• _YOUR TASK_: Exact reproduction of all the data is required, with pictures excluded.

*** SUPPLIED MATERIAL

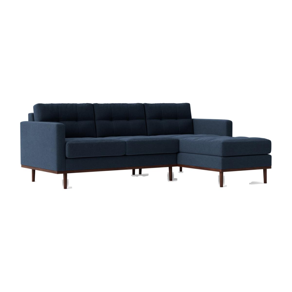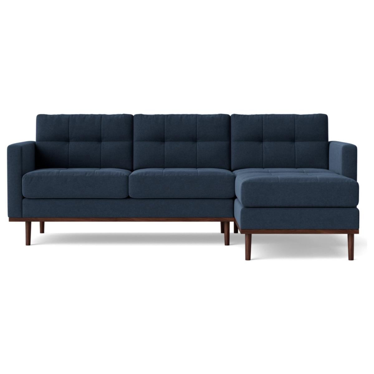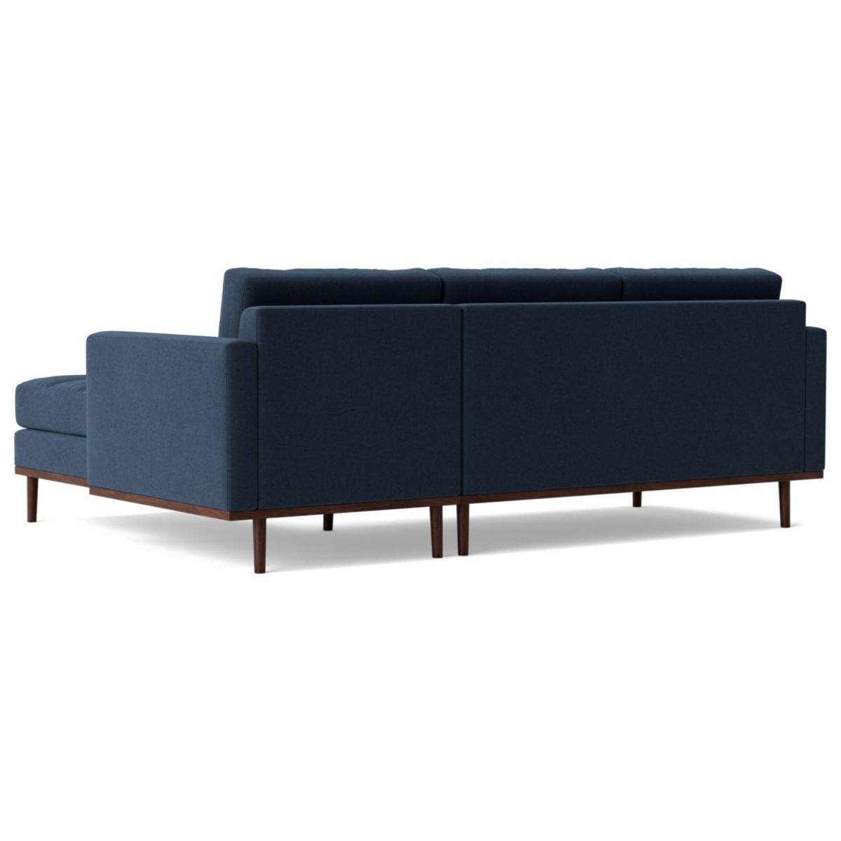 You'll never have an empty house again. This large corner sofa is very ready for your next gathering. We were so struck by the Berlin when it arrived. In fact, we're still speechless (well, almost). Those clean lines, that tufting on the cushions, this seating sensation is a Mid-Century marvel on legs - beech ones. Want more? Have a look at designs from Swoon's Berlin Mid Century sofa range. See the collection of ottomans, armchairs, love seats, sofa beds, 2, 3 and 4-seater couches, chaise and corner sofas. Don't forget to order a free fabric swatch. Part of the Berlin collection. Right hand corner. Material: Made from 100% polyester. Wooden feet. Fixed seats with foam and fibre filling. Free fabric swatch available on this line. Dimensions: Size H83, longer width 220, shorter width 220, D93cm. Floor to seat height: 44cm. Depth of seat: 131cm. Height of seat back: 39cm. Shorter seating area width between arms: 220cm. Longer seating area width between arms: 220cm. Height of arm rest: 65cm. Weight: 72.5kg. Packaged dimensions: Package size H82, W153.5, D99cm. Second package size H82, W87.5, D161cm. General information: Professional clean only. Plump cushions regularly to maintain shape. Self-assembly. Maximum individual user weight: 450kg. Manufacturer's 10 year frame guarantee.
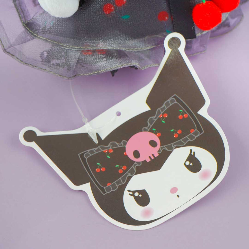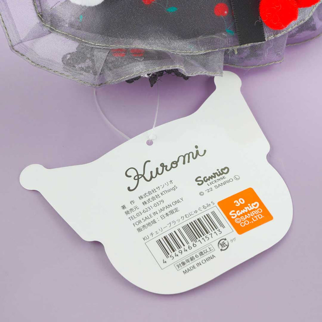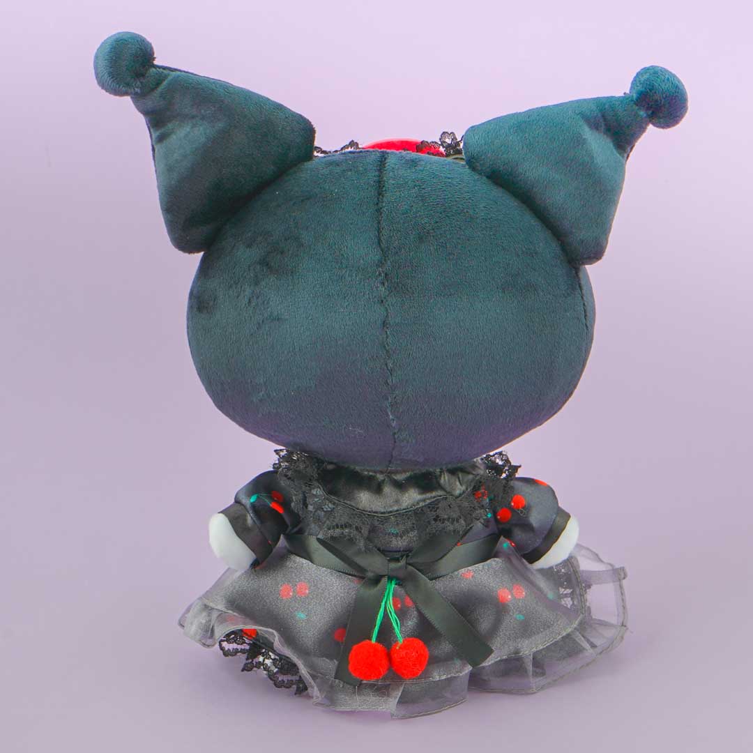 Have fun playing with this super cute Kuromi plushie! It comes in small size and is wearing a kawaii black dress with a matching bow that has prints of cherries all over!
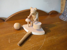 VINTAGE USSR RUSSIAN HAND CARVED WOOD ANIMATED BEAR PLAYING A DRUM

******

• _RESULT OF THIS TASK_:
 You'll never have an empty house again. This large corner sofa is very ready for your next gathering. We were so struck by the Berlin when it arrived. In fact, we're still speechless (well, almost). Those clean lines, that tufting on the cushions, this seating sensation is a Mid-Century marvel on legs - beech ones. Want more? Have a look at designs from Swoon's Berlin Mid Century sofa range. See the collection of ottomans, armchairs, love seats, sofa beds, 2, 3 and 4-seater couches, chaise and corner sofas. Don't forget to order a free fabric swatch. Part of the Berlin collection. Right hand corner. Material: Made from 100% polyester. Wooden feet. Fixed seats with foam and fibre filling. Free fabric swatch available on this line. Dimensions: Size H83, longer width 220, shorter width 220, D93cm. Floor to seat height: 44cm. Depth of seat: 131cm. Height of seat back: 39cm. Shorter seating area width between arms: 220cm. Longer seating area width between arms: 220cm. Height of arm rest: 65cm. Weight: 72.5kg. Packaged dimensions: Package size H82, W153.5, D99cm. Second package size H82, W87.5, D161cm. General information: Professional clean only. Plump cushions regularly to maintain shape. Self-assembly. Maximum individual user weight: 450kg. Manufacturer's 10 year frame guarantee.
 Have fun playing with this super cute Kuromi plushie! It comes in small size and is wearing a kawaii black dress with a matching bow that has prints of cherries all over!
 VINTAGE USSR RUSSIAN HAND CARVED WOOD ANIMATED BEAR PLAYING A DRUM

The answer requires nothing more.